I feel like if I put this stuff on, I could turn invisible! I also found whitening deodorant, Bye Bye Melanin skin creme and Nipple Pink Creme.
Tuk tuks are the only way to travel I'm now convinced. The wind in your hair, the bugs in your eyeballs. Don't be fooled by these snazzy little numbers, you still smell like you've had a 2-stroke enema when you hop out.
People, Thailand rules but is very strange. It's exotic and familiar at the same time. The men are way hotter than in China, the streets are clean and the days are long. After so much visual stimulation, it was time for a beer and a good sit down.
I suppose I should touch on the bad of Thailand, but it's not as funny and not as photogenic.
I did go down to Nana, the sex district. It was as expected, but still creeped me out. Middle aged men who left their muscle tone in the 70's being escorted by super-fly Thai babes. It's just not fair. There's a reason people don't want to sleep with the old or ugly and it sucks that cash can get you out of that survival-driven reality. The Thai women looked like gorgeous butterflys and the fat pasty geezers on their arms looked like larvae. I walked up Nana street a few times but it was like someone stole the funny and I got out of there.

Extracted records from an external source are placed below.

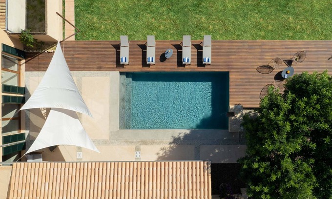 This town house with pool and large garden in Consell is modern and tastefully furnished and is ideal for an occupancy of up to eight people. The Can Cunso 30 was completely renovated in 2022 under the direction of a renowned local architect, featuring stylish elements and design down to the last detail.
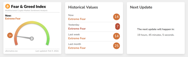 Eine ähnliche Enttäuschung spiegelt sich auch im Fear and Greed Index wider, der weiterhin im extremen Angstbereich verharrt. Vor dem Wochenende fiel der Indikator auf den niedrigsten Stand seit dem Zusammenbruch des Terra-Ökosystems (7 Punkte), hat sich aber inzwischen wieder auf 14 Punkte erholt.
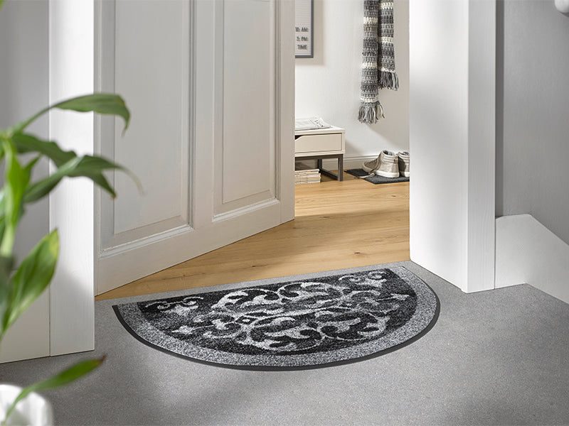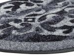 שטיח כניסה בעיצוב עגול ומעודן עם דוגמת קישוטים סימטרית שמוסיפה לחלל תחושת אלגנטיות והרמוניה.
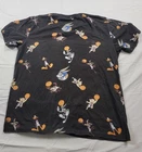 Space Jam Shirt Mens Medium Black Basketball Warner Bros Looney Tunes Bugs Bunny Tee Condition: Good used condition – moderate overall fading and gentle wear, some slight pilling and minor wash wear visible (see detailed photos for close-ups of fabric and graphics). No holes or major stains. All-over print featuring Bugs Bunny, Daffy Duck, Wile E. Coyote, Lola Bunny, and Space Jam basketball graphics Material: 60% cotton, 40% polyester Tag size: Medium (Mens). Approximate flat measurements: pit to pit ~20 in, back length ~27 in Official Warner Bros. Entertainment Space Jam licensed apparel Made in China Classic crewneck short sleeve tee style Great for fans of Looney Tunes, Space Jam, or retro 90s/2000s cartoon character shirts Packaged for safe storage
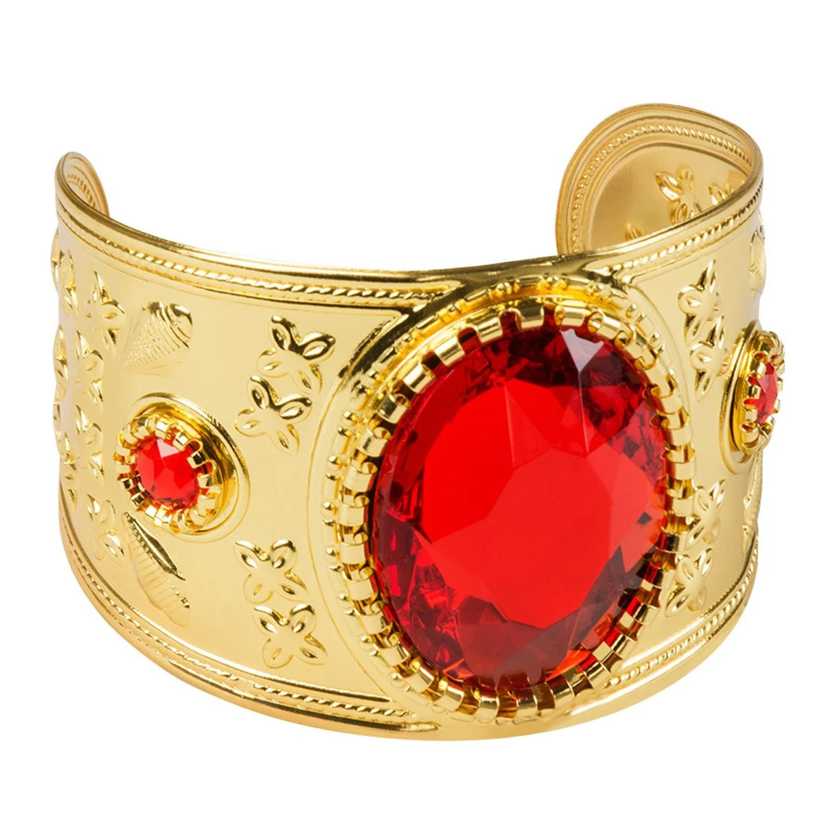Schitterende gouden armband met grote rode stenen. Geschikt voor bijvoorbeeld een epyptische of zigeuner outfit.
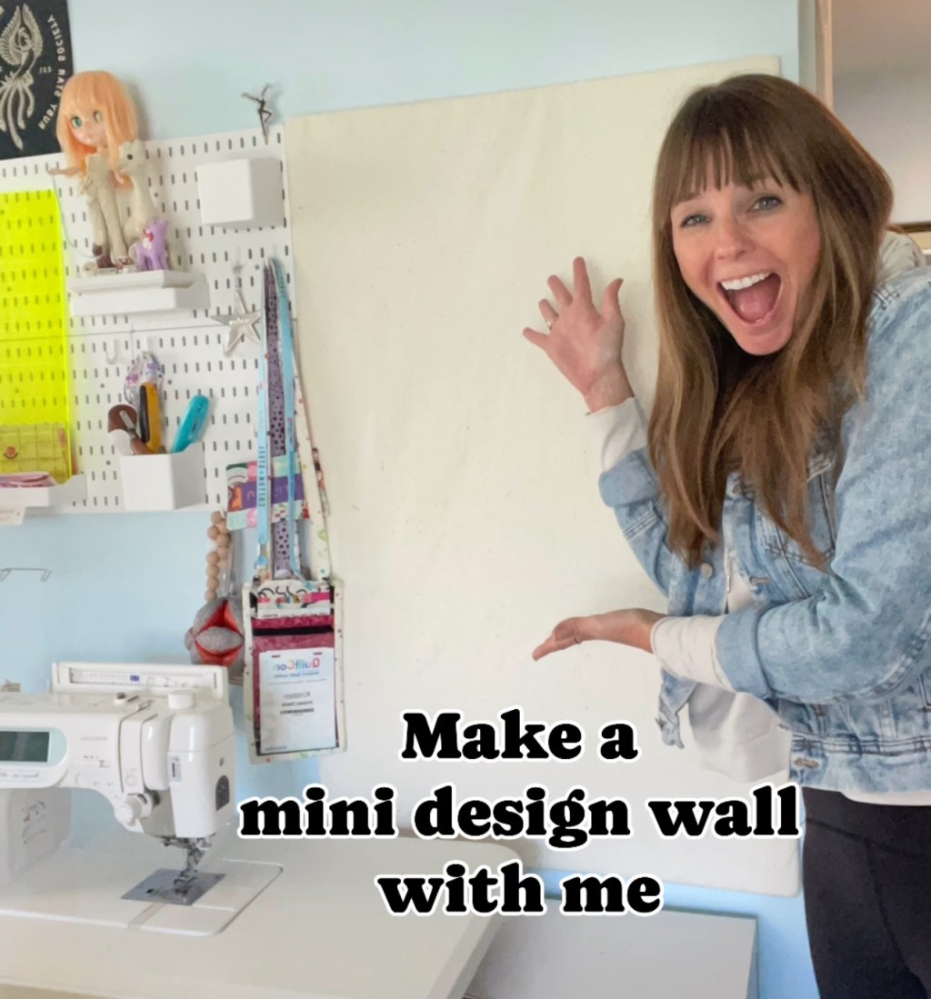 I have a full size design wall across the room, and it works wonderfully! I love being able to put up my finished blocks while a quilt top is in progress. When I got my long arm I had to downsize my sewing/cutting table from a giant dining room table (down from oversized auditorium doors) to a desk. So being as I always had giant sewing tables, I felt like I didn’t have enough room for all my sewing, cutting, block layout needs. That’s when lighting bolt hit, why don’t I take down the calendar above my machine and make a little design wall at my space. It’s large enough to hold a lot, but small enough to not over power the area or need any heavy duty materials.
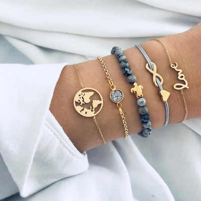 Boho Crystal Charm Bead Bracelet Set with Moon Star Design – Silver Gold Plated Link Chain Bohemian Jewelry Gift for Women
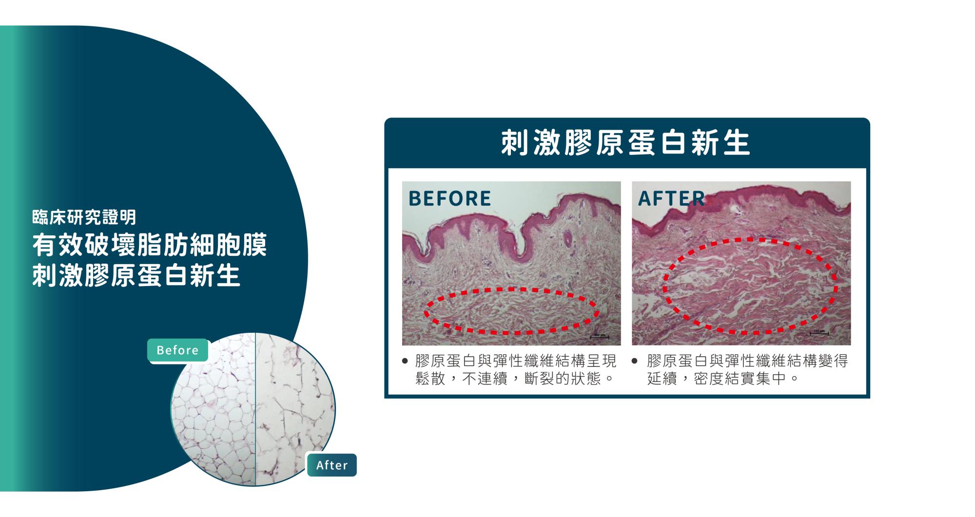 2.45GHz超高頻率的微波技術可以深入到皮下0.7-1.2cm,快速加熱深層脂肪細胞,使脂肪周圍升溫去破壞脂肪細胞膜造成受損,受損的脂肪細胞因裂解作用,進而激發吞噬細胞啟動,將壞死細胞代謝並經由人體正常排出,使脂肪細胞數量減少,改善局部頑固脂肪型鬆垂的外觀。
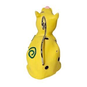 This vintage pair of cat figurines from UDC (United Design Corp) is an excellent addition to any cat lover's collection. Made of high-quality resin, these figurines are perfect for display on a shelf or desk. The attention to detail on these cats is impressive, from the yellow and red colors to the charming expressions on their faces.

Also when I was at the Chattuchukkawhatever Markets I was a retard and put my bag down for 2 seconds to look at cool stuff. Of course, it got stolen, so I was without my passport, mobile phone, wallet, atm cards, digital camera, lipgloss from that moment onwards. I was due to fly out about 5 hours after it got stolen. Log story short I was delayed only 2 days in paradise because some lovely Thai girl found my passport and some cards on the bus and called the hotel where I was staying.
I still don't have my cards, camera, wallet or a mobile phone. But at least I didn't have to replace my passport and Chinese visa. And how lovely of her to try to track me down hey?!
So as soon as I had my passport back, I got the first plane out of paradise and straight to Beijing!